New 474-game benchmark reveals LLMs fail on counterfactual reasoning, with larger drops than contextual perturbations. Highlights metacognitive gaps in agentic AI.

A new arXiv preprint introduces 474 executable games to test LLM interactive reasoning. The benchmark reveals that counterfactual revision and necessity judgment cause much larger performance drops than contextual perturbations.

Key facts

  • 474 executable games in the benchmark
  • Five difficulty levels per game configuration
  • Counterfactual revision causes larger drops than perturbations
  • Submitted to arXiv on May 26, 2026

A team of researchers led by Mingyuan Fan, Weiguang Han, and Daixin Wang has released a multi-turn interactive framework for evaluating LLM reasoning, instantiated as a benchmark of 474 executable games. Each game requires the model to receive only task rules, then issue targeted queries to a hidden environment, integrate partial observations over time, and decide when to submit a final answer [According to Evaluating Interactive Reasoning in Large Language Models].

The benchmark evaluates models across five difficulty levels, each with fixed configuration search spaces.
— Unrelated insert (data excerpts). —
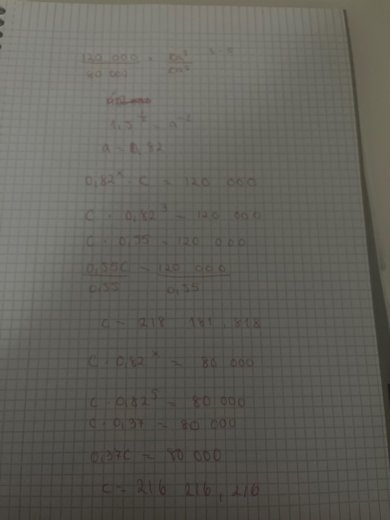 Anledningen till att dina båda värden skiljer sig lite är för att a=0,82 är avrundat. Det exakta värdet är vilket ger inköpsvärdet till nästan exakt 120000 (egentligen 220454,076...)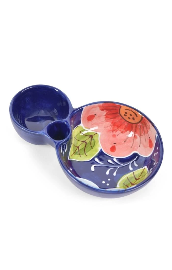 Serve up a splash of Spanish colour at your next social gathering with this hand painted ceramic olive dish. Featuring separate sections for olives, pits and cocktail sticks in vibrant hues inspired by Mediterranean colours and landscapes, this vividly imagined dish will add visual impact to your snack selection.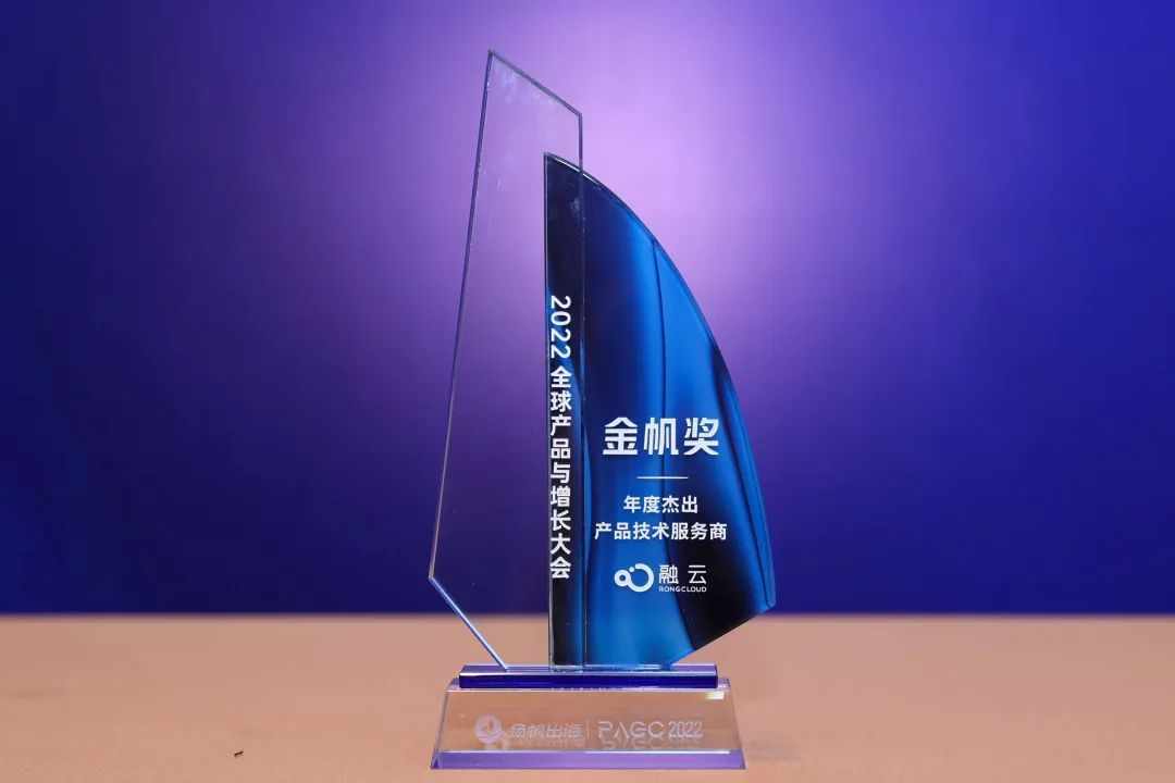 6 月 29 日,2022 PAGC 全球产品与增长大会在深圳举行。大会举办“金帆奖颁奖典礼”以表彰出海链条中的优秀参与者,融云荣膺“年度杰出产品技术服务商”。

Beyond standard success rate and interaction efficiency, the framework measures contextual robustness under controlled perturbations and metacognitive adaptation through counterfactual revision and necessity judgment.

Results show the benchmark is highly discriminative, exposing large differences not only in success rate but also in interaction efficiency across frontier LLMs. Critically, the authors empirically show that contextual perturbations cause moderate but consistent declines, whereas counterfactual revision and necessity judgment lead to much larger drops. This suggests current models lack robust metacognitive capabilities — the ability to revise beliefs when counterfactual evidence contradicts prior observations.
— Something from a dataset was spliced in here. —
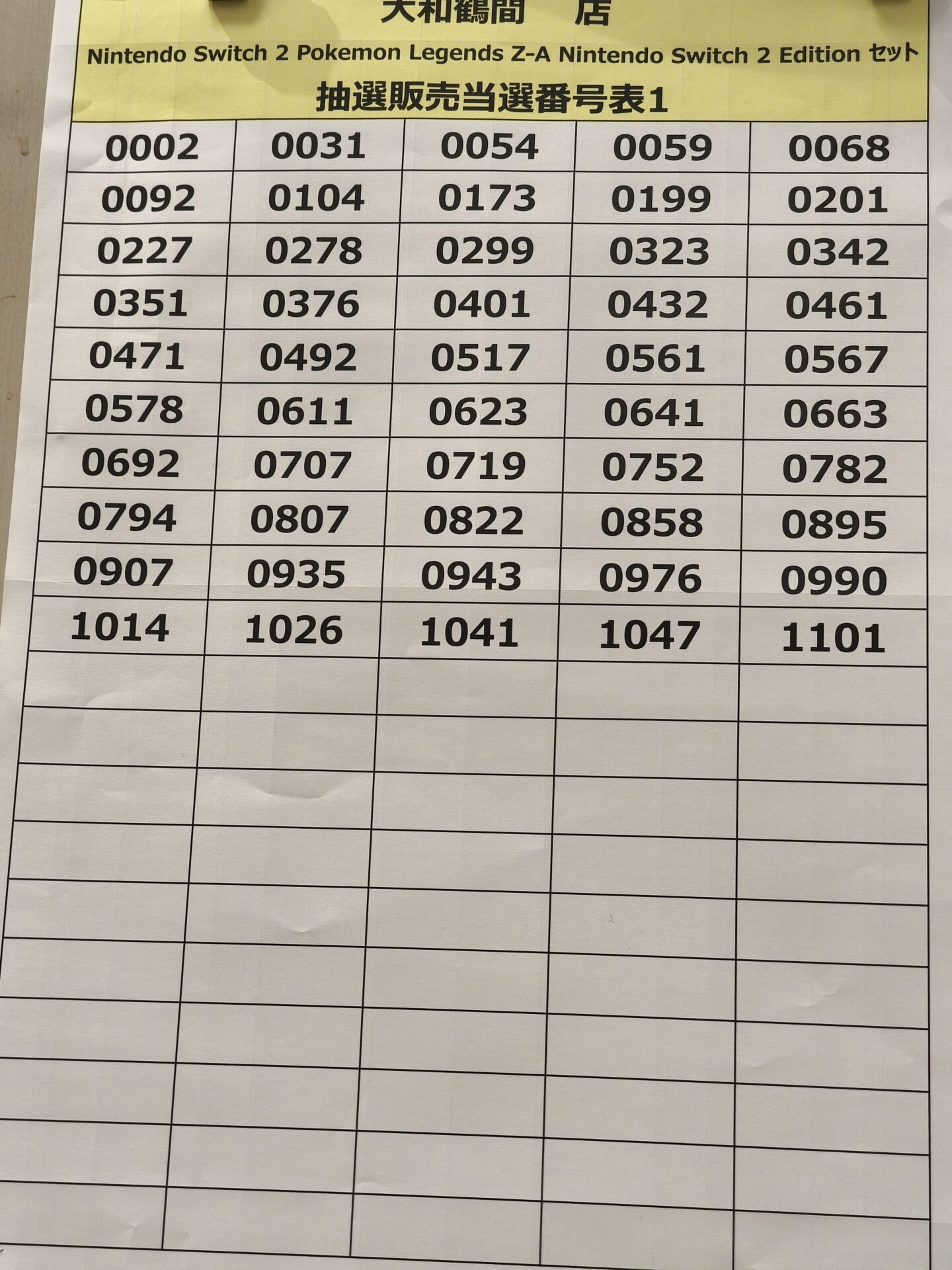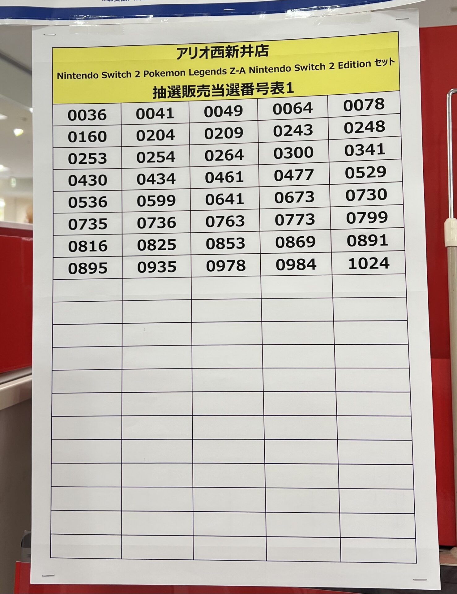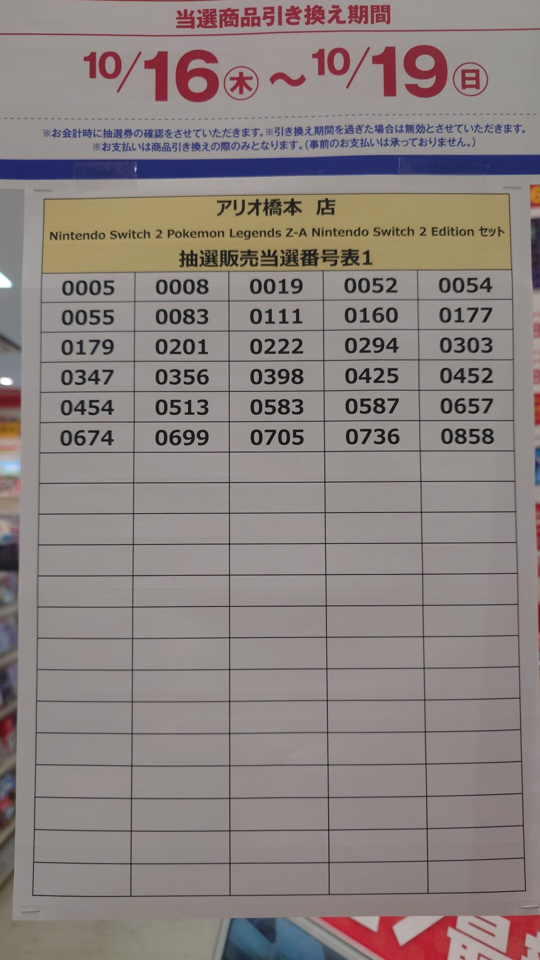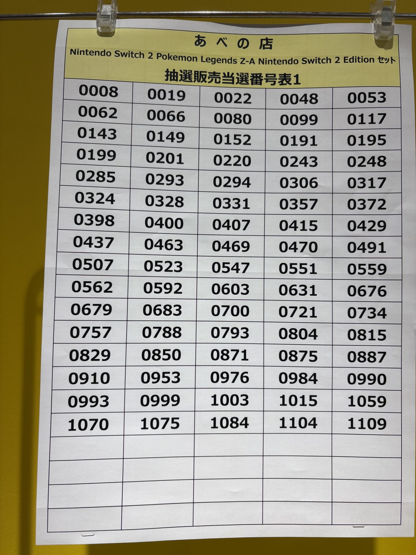 イトーヨーカドー明石とアリア加古川のSwitch2ポケモンの当選番号わかる方いらっしゃいますか?よろしくお願いします。

The unique take here is that static benchmarks like SWE-Bench or GSM8K miss a fundamental failure mode: LLMs can't effectively update beliefs through active interaction. The 474-game setup mirrors real-world agent scenarios where models must query databases, APIs, or environments rather than solve isolated problems. The large gap between standard interaction and counterfactual revision suggests agentic AI systems may fail catastrophically when assumptions are violated.

Key Takeaways

  • New 474-game benchmark reveals LLMs fail on counterfactual reasoning, with larger drops than contextual perturbations.
  • Highlights metacognitive gaps in agentic AI.

How the Benchmark Works

Learning to reason with LLMs | OpenAI

The framework implements Algorithm 1 (Interactive Protocol) where each game has a hidden state. The model issues queries, receives partial observations, and must balance information gathering against answering. Table 1 in the paper breaks down games by data structure and reasoning type, while Table 2 reports overall performance on the clean interactive reasoning backbone — measuring success rate, average turns over successful episodes, and efficiency defined as Success Rate / Avg. Turns.
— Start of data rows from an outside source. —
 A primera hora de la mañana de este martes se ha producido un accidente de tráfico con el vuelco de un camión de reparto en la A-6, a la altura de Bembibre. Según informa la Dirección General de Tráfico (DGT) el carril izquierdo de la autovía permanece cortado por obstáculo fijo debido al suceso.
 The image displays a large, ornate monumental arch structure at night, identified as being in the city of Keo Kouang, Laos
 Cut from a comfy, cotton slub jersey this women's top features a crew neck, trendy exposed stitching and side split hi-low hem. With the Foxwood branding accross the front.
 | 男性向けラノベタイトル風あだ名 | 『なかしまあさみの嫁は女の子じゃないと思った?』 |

The authors evaluated a broad set of frontier LLMs but did not disclose specific model names or scores in the abstract. The paper is available on arXiv under cs.AI, submitted May 26, 2026.

Implications for Agentic AI

FaithEval: A New and Comprehensive AI Benchmark Dedicated to Evaluating ...

This benchmark arrives as Meta, OpenAI, and Anthropic race to deploy agentic AI systems. Meta recently mandated 65-80% of developer code be AI-generated by mid-2026, and internal AI agents have already triggered security incidents [As previously reported]. The finding that counterfactual reasoning causes large drops suggests these systems may struggle when production environments deviate from training conditions — a common real-world scenario.

What to watch

Watch for follow-up papers that disclose specific model scores and per-model breakdowns on counterfactual revision tasks. Also track whether Meta, OpenAI, or Anthropic adopt this benchmark for internal agent evaluation — a strong signal of its industry relevance.